» **INSTRUCTIONS TO FOLLOW**:
The task calls for the line containing "Emotionally it blends" and all later lines, through the end of the entries below, to be set down exactly and without pictures.

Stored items
-*-
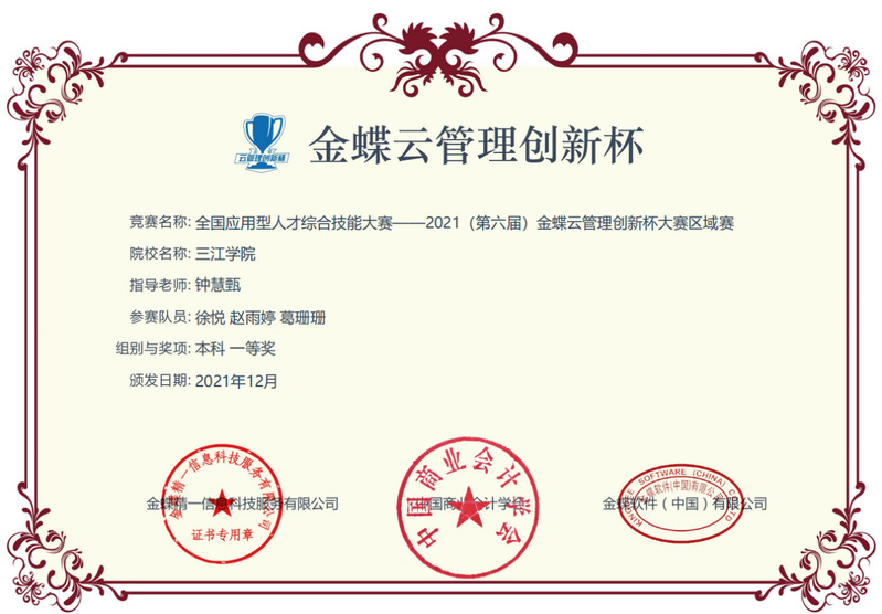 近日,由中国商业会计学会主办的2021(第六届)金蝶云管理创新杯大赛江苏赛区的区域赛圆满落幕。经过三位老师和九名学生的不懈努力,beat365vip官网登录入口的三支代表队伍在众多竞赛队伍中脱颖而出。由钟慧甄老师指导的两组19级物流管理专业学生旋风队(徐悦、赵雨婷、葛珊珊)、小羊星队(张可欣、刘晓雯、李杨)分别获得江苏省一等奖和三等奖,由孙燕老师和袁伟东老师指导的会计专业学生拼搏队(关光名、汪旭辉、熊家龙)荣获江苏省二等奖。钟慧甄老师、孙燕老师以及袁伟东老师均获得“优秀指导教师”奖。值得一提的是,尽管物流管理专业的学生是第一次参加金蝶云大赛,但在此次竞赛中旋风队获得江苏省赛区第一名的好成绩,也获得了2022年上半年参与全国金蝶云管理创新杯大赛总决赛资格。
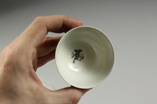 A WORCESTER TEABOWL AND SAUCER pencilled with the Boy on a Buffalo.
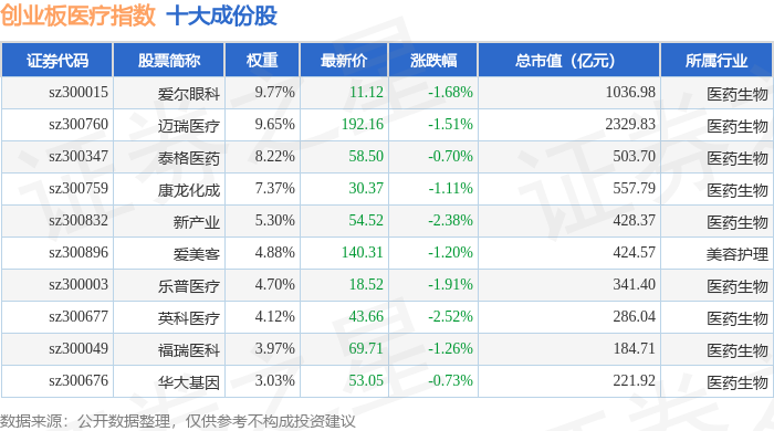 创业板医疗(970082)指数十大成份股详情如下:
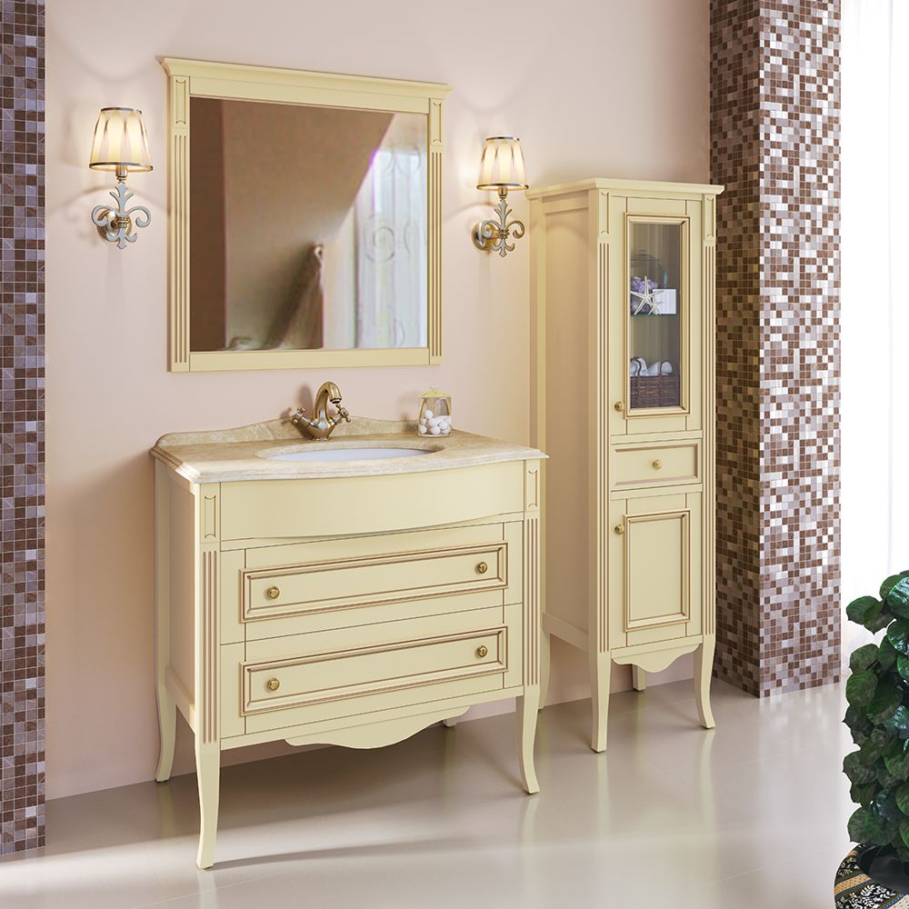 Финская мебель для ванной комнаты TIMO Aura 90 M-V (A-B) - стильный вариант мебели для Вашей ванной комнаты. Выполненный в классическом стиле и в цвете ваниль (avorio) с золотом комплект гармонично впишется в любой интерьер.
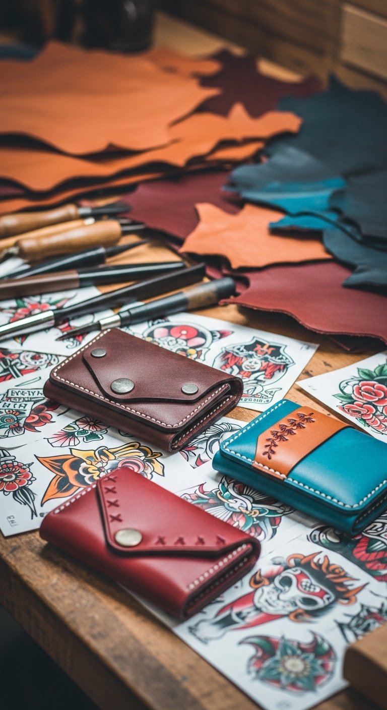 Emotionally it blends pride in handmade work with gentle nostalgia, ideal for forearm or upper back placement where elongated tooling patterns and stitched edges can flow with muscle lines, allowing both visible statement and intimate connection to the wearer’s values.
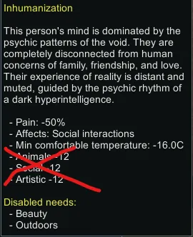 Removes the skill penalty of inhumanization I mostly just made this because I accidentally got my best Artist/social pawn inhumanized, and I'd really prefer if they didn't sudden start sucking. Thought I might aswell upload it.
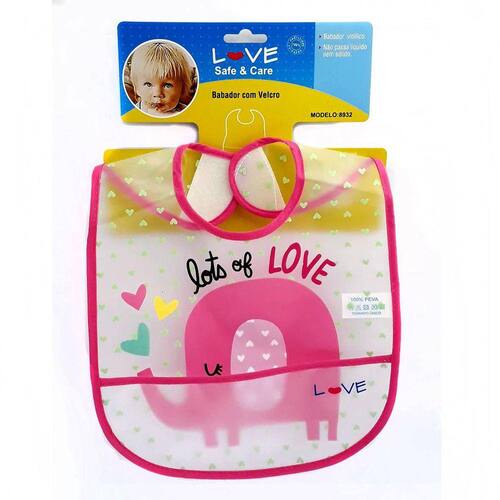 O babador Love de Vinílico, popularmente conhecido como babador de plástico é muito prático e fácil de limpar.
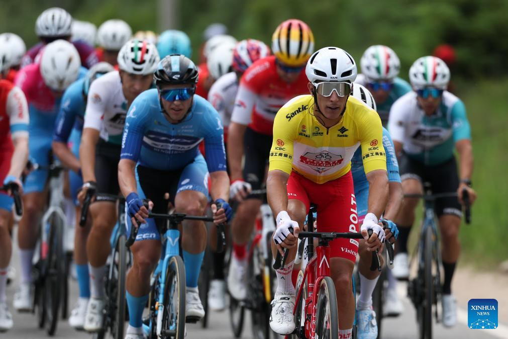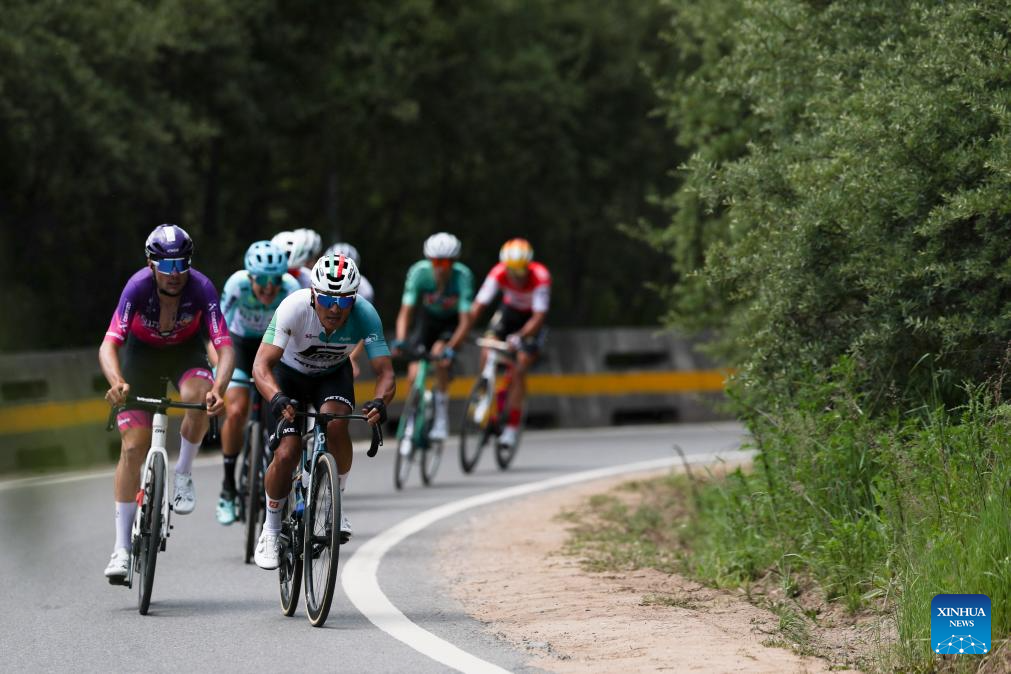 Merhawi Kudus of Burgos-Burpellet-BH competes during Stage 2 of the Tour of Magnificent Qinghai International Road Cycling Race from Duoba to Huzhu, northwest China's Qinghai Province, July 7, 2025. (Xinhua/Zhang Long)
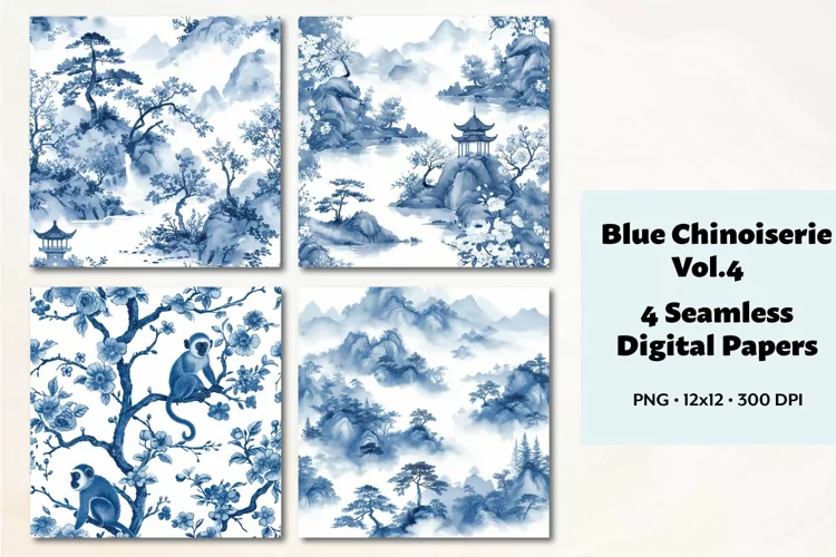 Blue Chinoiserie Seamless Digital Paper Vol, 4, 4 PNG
-*-
» **EXERCISE SOLUTION**:
 Emotionally it blends pride in handmade work with gentle nostalgia, ideal for forearm or upper back placement where elongated tooling patterns and stitched edges can flow with muscle lines, allowing both visible statement and intimate connection to the wearer’s values.
 Removes the skill penalty of inhumanization I mostly just made this because I accidentally got my best Artist/social pawn inhumanized, and I'd really prefer if they didn't sudden start sucking. Thought I might aswell upload it.
 O babador Love de Vinílico, popularmente conhecido como babador de plástico é muito prático e fácil de limpar.
 Merhawi Kudus of Burgos-Burpellet-BH competes during Stage 2 of the Tour of Magnificent Qinghai International Road Cycling Race from Duoba to Huzhu, northwest China's Qinghai Province, July 7, 2025. (Xinhua/Zhang Long)
 Blue Chinoiserie Seamless Digital Paper Vol, 4, 4 PNG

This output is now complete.